**How to complete this task**. Your answer must be an exact copy of the data, without any pictures.

**Records supplied**.
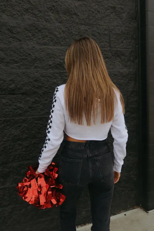 Our Nebraska Racing Crop Hoodie is a fleece lined hoodie with a boxy fit. This sweatshirt features an oversized festive “Nebraska” graphic on the front that makes it perfect for Gamedays in Nebraska. This white sweatshirt is completed with a cropped fit, raw hemline, and long sleeves with checkered detailing down the sleeves . This sweatshirt runs true to size but if a more oversized fit is desired we recommend sizing up.
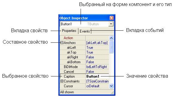 Компонент — на форме, пора задать его свойства. Для этого обратимся к окну с заголовком Object Inspector — окну свойств (рисунок 1.11). Оно расположено слева снизу от формы и активизируется с клавиатуры нажатием клавиши F11.
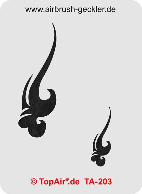 TopAir Schablone aus Kunststoff, 0,12mm dünn- zum hundertfachen Einsatz - TA-203 Motivgröße: 81 x 32 mm TopAir®-Laserschnitt, Made by Geckler ©
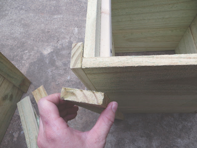 Now it’s time to cut your 1×2 furring strip for the ledge the plastic planter box will rest on. I didn’t measure for this either… just cut, fit, cut more, fit, cut more if needed, etc. Once you get one side to the size you want (how ever low you want the planter to sit in) then you cut the opposite side the same size. For the other ends cut them about 1-1/2″ shorter (er on the side of caution and cut them slightly longer and you can always cut shorter if needed). Note: you’ll want your 3.5-degree angles for these boards as well to get a snug fit!
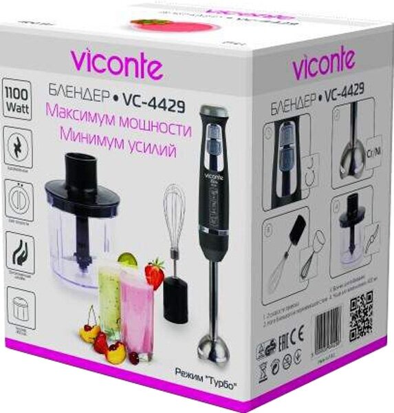 Type: submersible, maximum power: 1100 W, material of the immersion part: metal, attachments: whisk, chopper, modes: turbo mode, chopper capacity: 0.40 l
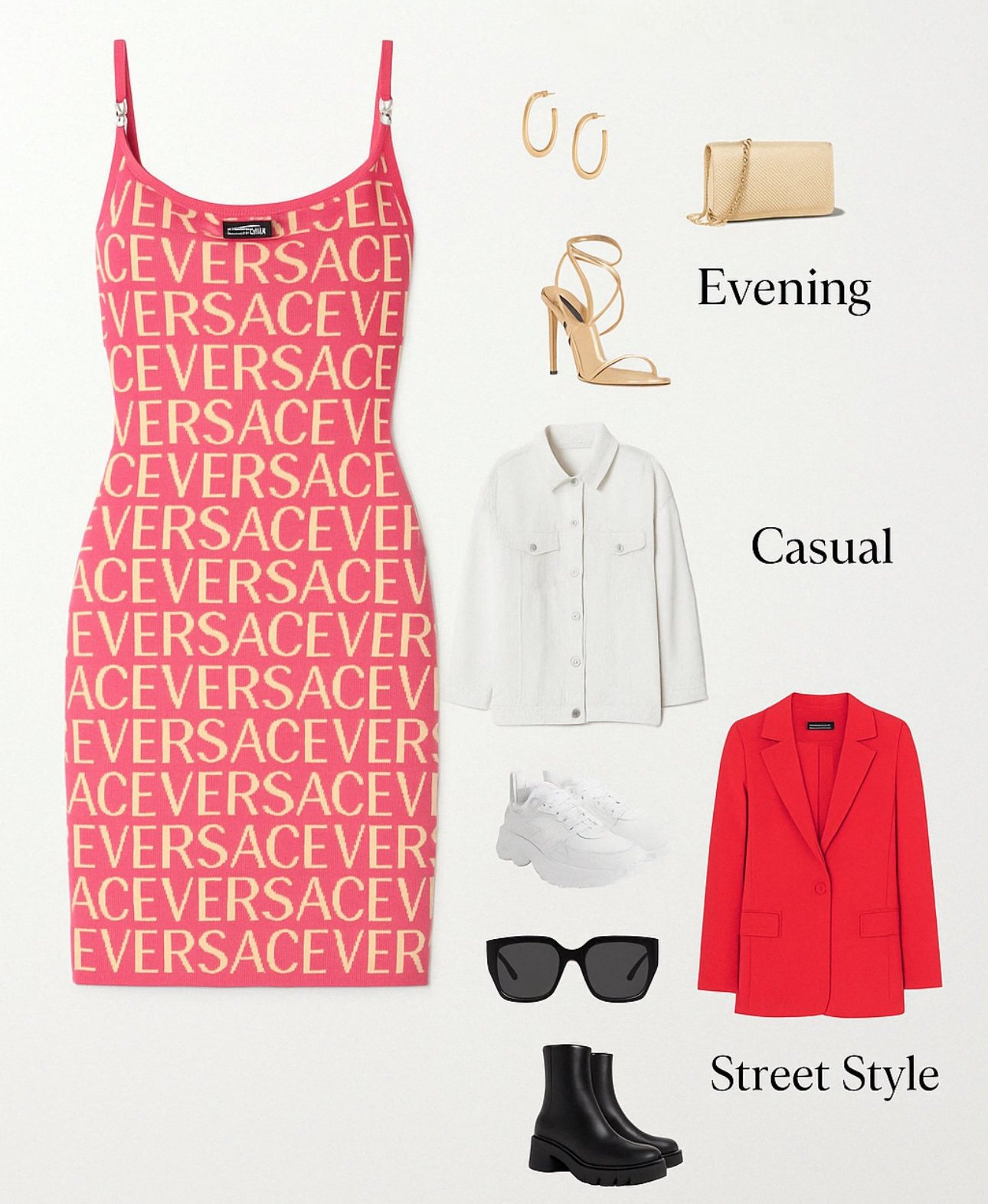 Тази рокля  на Versace е дръзка и ярка – изисква стройна фигура и увереност за стайлинг. Аз си я представям като част от аутфит за някакво тематично събитие без значение по кое време на деня ще е. В комбинация с по - семпли палто , обувки и чанта може да изглежда много добре.

**Task result**.
 Our Nebraska Racing Crop Hoodie is a fleece lined hoodie with a boxy fit. This sweatshirt features an oversized festive “Nebraska” graphic on the front that makes it perfect for Gamedays in Nebraska. This white sweatshirt is completed with a cropped fit, raw hemline, and long sleeves with checkered detailing down the sleeves . This sweatshirt runs true to size but if a more oversized fit is desired we recommend sizing up.
 Компонент — на форме, пора задать его свойства. Для этого обратимся к окну с заголовком Object Inspector — окну свойств (рисунок 1.11). Оно расположено слева снизу от формы и активизируется с клавиатуры нажатием клавиши F11.
 TopAir Schablone aus Kunststoff, 0,12mm dünn- zum hundertfachen Einsatz - TA-203 Motivgröße: 81 x 32 mm TopAir®-Laserschnitt, Made by Geckler ©
 Now it’s time to cut your 1×2 furring strip for the ledge the plastic planter box will rest on. I didn’t measure for this either… just cut, fit, cut more, fit, cut more if needed, etc. Once you get one side to the size you want (how ever low you want the planter to sit in) then you cut the opposite side the same size. For the other ends cut them about 1-1/2″ shorter (er on the side of caution and cut them slightly longer and you can always cut shorter if needed). Note: you’ll want your 3.5-degree angles for these boards as well to get a snug fit!
 Type: submersible, maximum power: 1100 W, material of the immersion part: metal, attachments: whisk, chopper, modes: turbo mode, chopper capacity: 0.40 l
 Тази рокля  на Versace е дръзка и ярка – изисква стройна фигура и увереност за стайлинг. Аз си я представям като част от аутфит за някакво тематично събитие без значение по кое време на деня ще е. В комбинация с по - семпли палто , обувки и чанта може да изглежда много добре.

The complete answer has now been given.